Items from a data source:

-- Opening Marker --

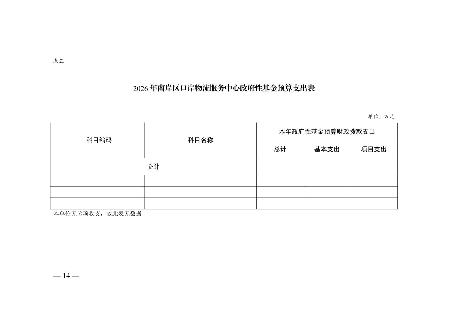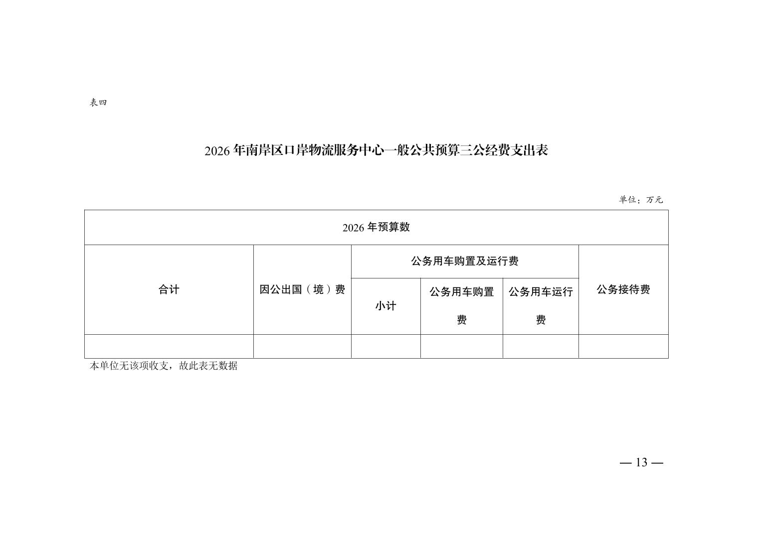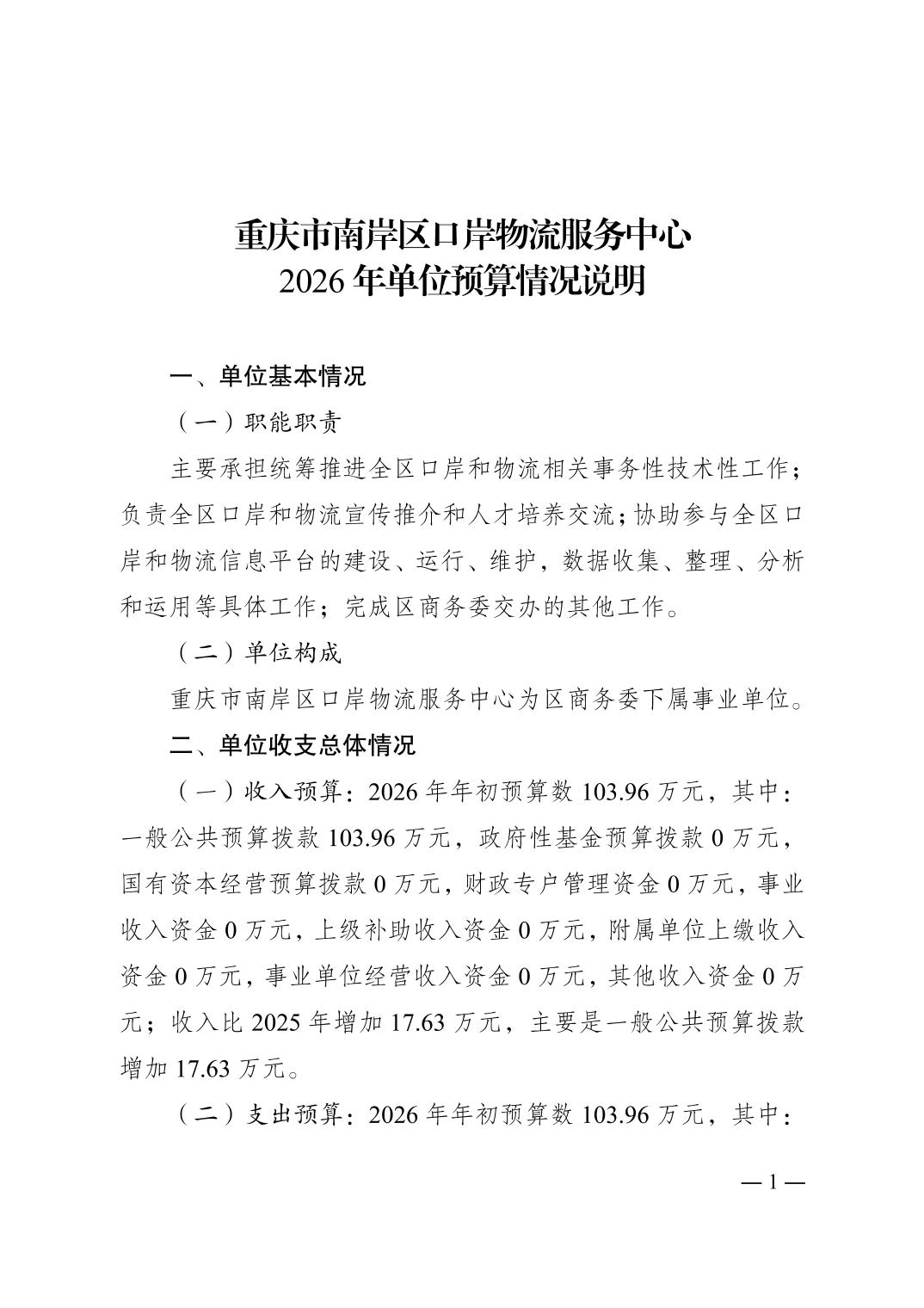 重庆市南岸区口岸物流服务中心2026年单位预算情况说明
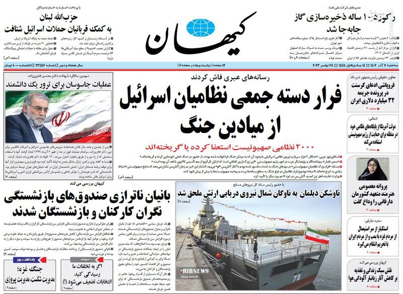 قهرمان بازدارندگی هسته ای، فرار دسته جمعی نظامیان اسرائیل از میادین جنگ، آتشبس غزه ۲ روز دیگر تمدید شد، فاصله زیاد بازار تا جیب مردم، تیتر برخی روزنامههای سهشنبه ۷ آذر ۱۴۰۲ است.
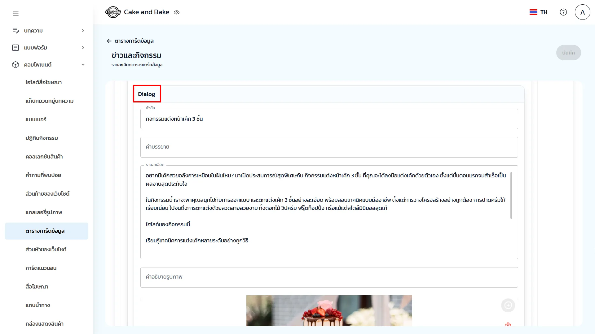 ส่วนของการ์ด คือ การกำหนดหัวข้อ รายละเอียด ส่วนท้าย คำอธิบายรูปภาพ และอัปโหลดรูปภาพ
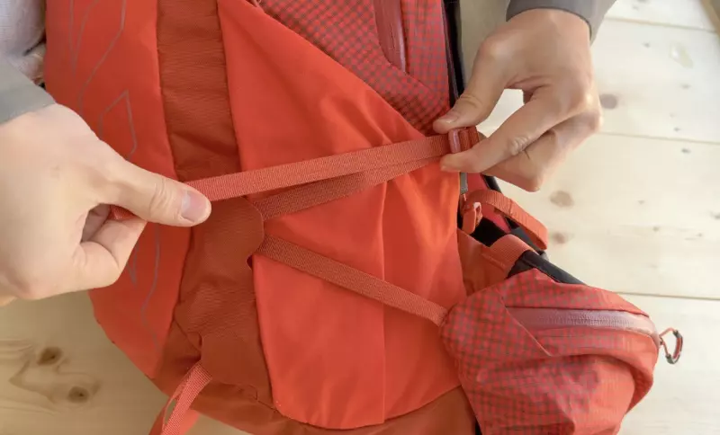 ザック本体とウエストベルトを連結するストラップが秀逸で、ザック下部のコンプレッションとザックと体を近づけるための機能を両立しており、このストラップ1つを閉めるだけで、ザックの中に入っている荷物に対してのベストなウエストベルト位置を調整することができます。
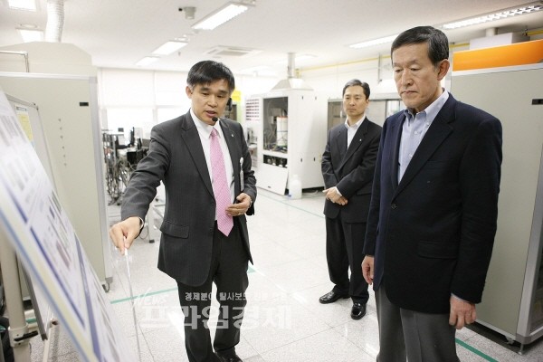 | ▲ GS 허창수 회장(오른쪽)이 GS칼텍스 신에너지연구센터 내 GS퓨얼셀 연구실에서 배준강 대표(왼쪽)로부터 연구시설 및 공정에 관한 설명을 듣고 있다. |
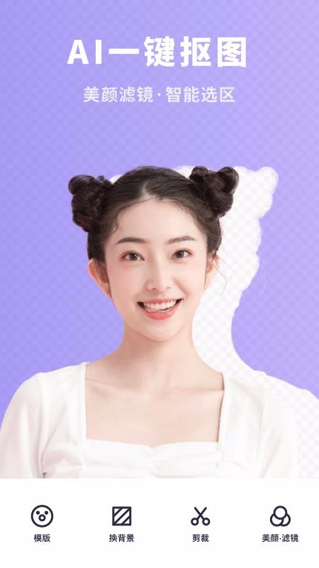 5、拥有丰富的图片编辑工具,该工具栏中提供模板、换背景、剪裁以及美颜和滤镜等工具;

-- Closing Marker --

• [Instructions for the task] Please set down the records above verbatim, with each picture left out.

• [Your solution]
 重庆市南岸区口岸物流服务中心2026年单位预算情况说明
 قهرمان بازدارندگی هسته ای، فرار دسته جمعی نظامیان اسرائیل از میادین جنگ، آتشبس غزه ۲ روز دیگر تمدید شد، فاصله زیاد بازار تا جیب مردم، تیتر برخی روزنامههای سهشنبه ۷ آذر ۱۴۰۲ است.
 ส่วนของการ์ด คือ การกำหนดหัวข้อ รายละเอียด ส่วนท้าย คำอธิบายรูปภาพ และอัปโหลดรูปภาพ
 ザック本体とウエストベルトを連結するストラップが秀逸で、ザック下部のコンプレッションとザックと体を近づけるための機能を両立しており、このストラップ1つを閉めるだけで、ザックの中に入っている荷物に対してのベストなウエストベルト位置を調整することができます。
 | ▲ GS 허창수 회장(오른쪽)이 GS칼텍스 신에너지연구센터 내 GS퓨얼셀 연구실에서 배준강 대표(왼쪽)로부터 연구시설 및 공정에 관한 설명을 듣고 있다. |
 5、拥有丰富的图片编辑工具,该工具栏中提供模板、换背景、剪裁以及美颜和滤镜等工具;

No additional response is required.